Não existe vida social sem confiança. Relacionamentos se pautam por gestos de reciprocidade, atitudes aceitáveis e discursos verdadeiros. Casamentos, amizades e sociedades empresariais dependem de laços de confiança para se efetivarem. A confiança cria e alimenta ambientes seguros, previsíveis, estáveis e onde os limites parecem claros. Correntistas precisam acreditar que os bancos guardarão seu dinheiro em segurança e que serão capazes de restituí-lo quando solicitado. Cidadãos precisam acreditar no sistema eleitoral para participar do processo de escolha dos seus representantes e atestar nos resultados dessas decisões. Pacientes precisam acreditar que médicos, remédios, vacinas e antídotos funcionem. Pais precisam acreditar que seus filhos estarão protegidos e serão educados nas escolas que escolheram. Indivíduos precisam acreditar que as notícias que lhes chegam são fiéis aos fatos, são proporcionais e equilibradas, e foram devidamente confirmadas pelos jornalistas. E até mesmo criminosos – que economizam nos escrúpulos – precisam confiar nos seus comparsas e métodos para seguir praticando ilegalidades. Por isso, não é exagerado dizer que a confiança funciona como a argamassa que ajuda a unir as partes da grande construção coletiva que é a vida em sociedade.

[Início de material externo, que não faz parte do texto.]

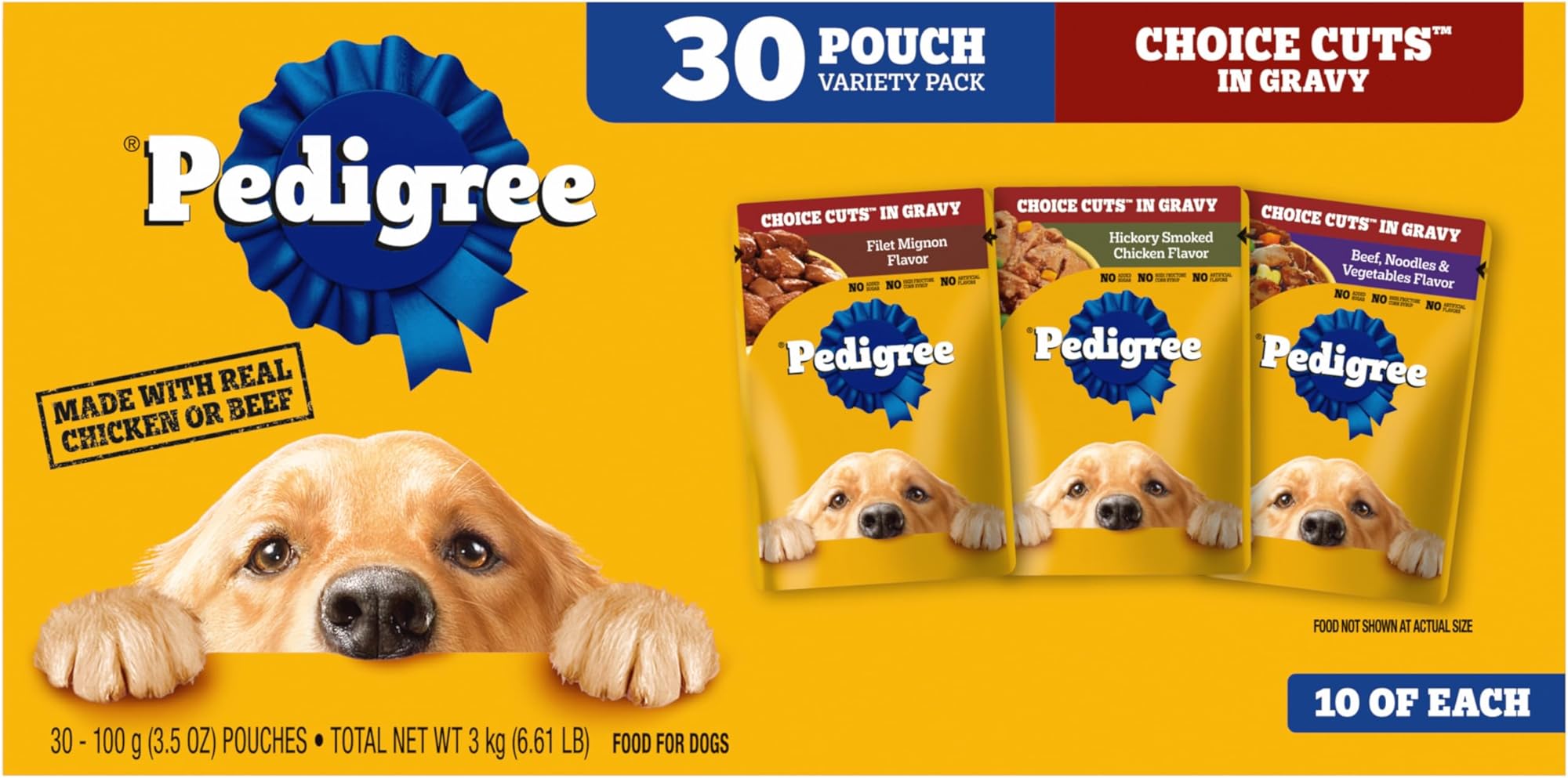 מזון רטוב רך לכלבים בוגרים של Pedigree Choice Cuts in Gravy, אריזה מגוונת, שקיות של 3.5 אונקיות, 30 יחידות
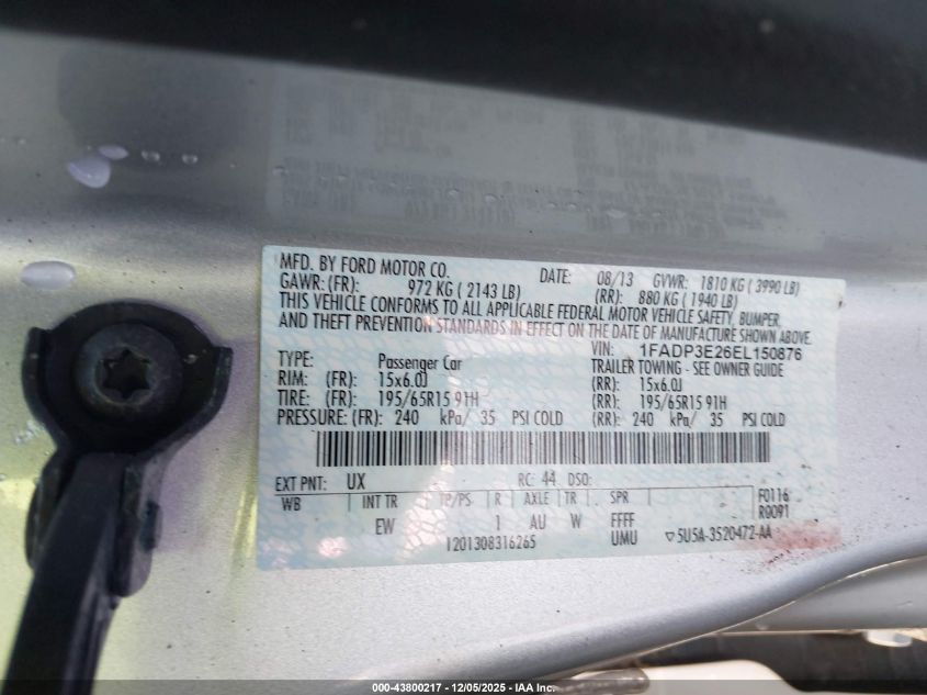 Колір СрібнийЦиліндри 4Привід Передній привідVIN 1FADP3E26EL150876Стан Заводиться та їде (перевірено)Ушкодження Передня або задня AutoRIA
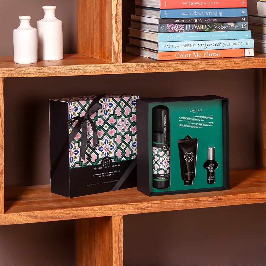 Elegantní sada inspirovaná portugalskou tradicí a jemnou vůní ukrývá pěnivé mýdlo, které jemně čistí pokožku, krém na ruce pro hydratovanou a jemnou pokožku a mini toaletní vodu ideální na cesty. Celá kolekce v sobě nese vitalitu zeleného čaje Sencha a jemné citrusové tóny.
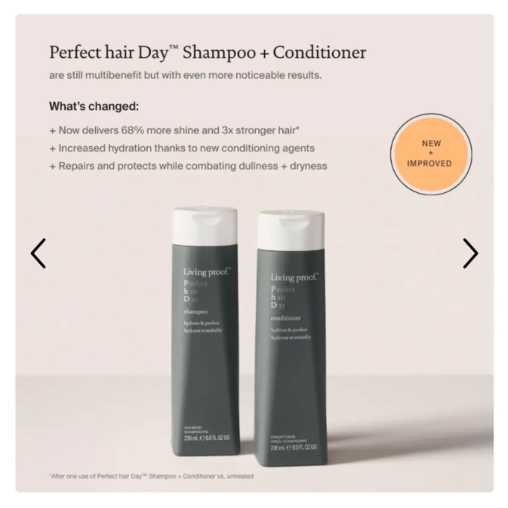 Clinical Results: In a 200-person consumer-use test: - 80% of consumers agreed that their hair feels instantly hydrated after just one use of Perfect Hair Day Shampoo and Conditioner

Com uma natureza tão essencial para a experiência humana, a confiança é um tema de estudos de muitas áreas pois afeta pessoas, organizações e instituições. Todos se preocupam com ela, e ninguém parece disposto a ignorá-la. Você já percebeu. Este livro trata de confiança, mas seria complexo demais abordá-la aqui por inteiro. Este livro se aproxima de uma fatia estreita da confiança: a que atravessa os terrenos da mídia e do jornalismo, afetando aqueles que produzem, espalham e consomem notícias e informações. Portanto, este livro trata da confiança nos meios de comunicação e de credibilidade jornalística, na esperança de oferecer novas contribuições para a compreensão de suas dinâmicas de formação, oscilação, ganho, perda e conservação.

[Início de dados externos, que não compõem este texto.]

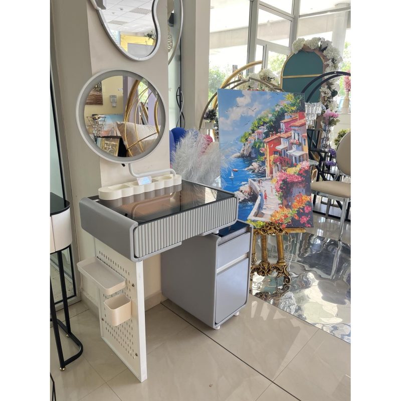Компактна дамска тоалетка в сив цвят с кръгло LED огледало, което осигурява идеална осветеност при гримиране. Стъкленият плот придава изискан вид и позволява лесно да подредите и виждате любимите си аксесоари. Отстрани има практични рафтчета и удобен шкаф с LED осветление за съхранение на козметика и принадлежности. Съчетава минималистичен дизайн, стил и комфорт – идеален акцент за всяка модерна спалня.
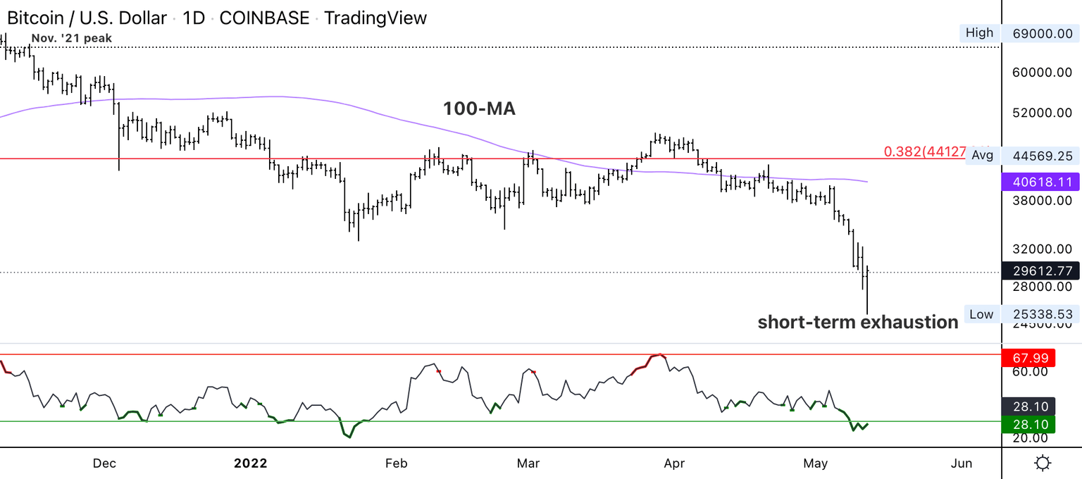 Technician's take: BTC is oversold and could see a short-term relief bounce.
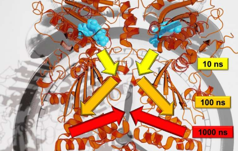 与树木相反,研究中分析的蛋白质Hsp90的运动以对数时间尺度展开。每个大型机芯的耗时大约是构成大型机芯的小巧的独立机芯的十倍。沃尔夫解释说:“例如,一根树枝的移动时间为几秒钟;树枝的移动时间为10秒;树干的移动时间为100秒。” 结合使用最新的实验和理论方法,研究人员可以监视变构通讯,换句话说,可以显示Hsp90中的反应过程如何改变远程蛋白质结合位点。根据Stock的说法,研究小组发现了这种变构过程所依据的动力学层次,包括纳秒级到毫秒级的时标以及从皮克到几纳米的长度标度。
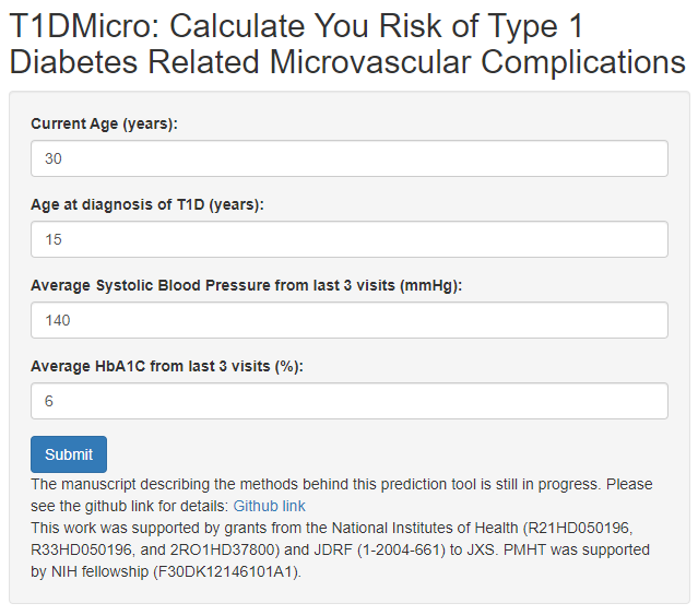Most risk calculators for diabetic microvascular complications are limited to research labs because of how complicated the statistical analysis is. This calculator was developed to fill the gap and allow individuals to estimate their own specific risk.

A ideia deste livro – “Credibilidade Jornalística” (Ed. Insular, 2024) – surgiu em 2021, quando uma rede de cientistas brasileiros apresentou um projeto de pesquisa ao Conselho Nacional de Desenvolvimento Científico e Tecnológico (CNPq) em busca de financiamento. A motivação inicial era abordar um conceito muito invocado no jornalismo, mas tratado frequentemente de forma tangencial: credibilidade. O termo está presente no imaginário de repórteres e editores, sustenta campanhas publicitárias dos meios de comunicação e compõe manuais profissionais. Apesar disso, é definido de forma apressada, superficial, confusa, inconsistente e circularmente retórica. Mas como algo tão importante não atrai a atenção científica ou reflexiva que deveria? Como pensar o tema da credibilidade pelas lentes do jornalismo brasileiro? É possível elaborar e formular subsídios que ajudem organizações noticiosas e jornalistas nacionais a entenderem melhor o fenômeno, podendo fortalecer suas posições e incrementar suas taxas de confiabilidade pública?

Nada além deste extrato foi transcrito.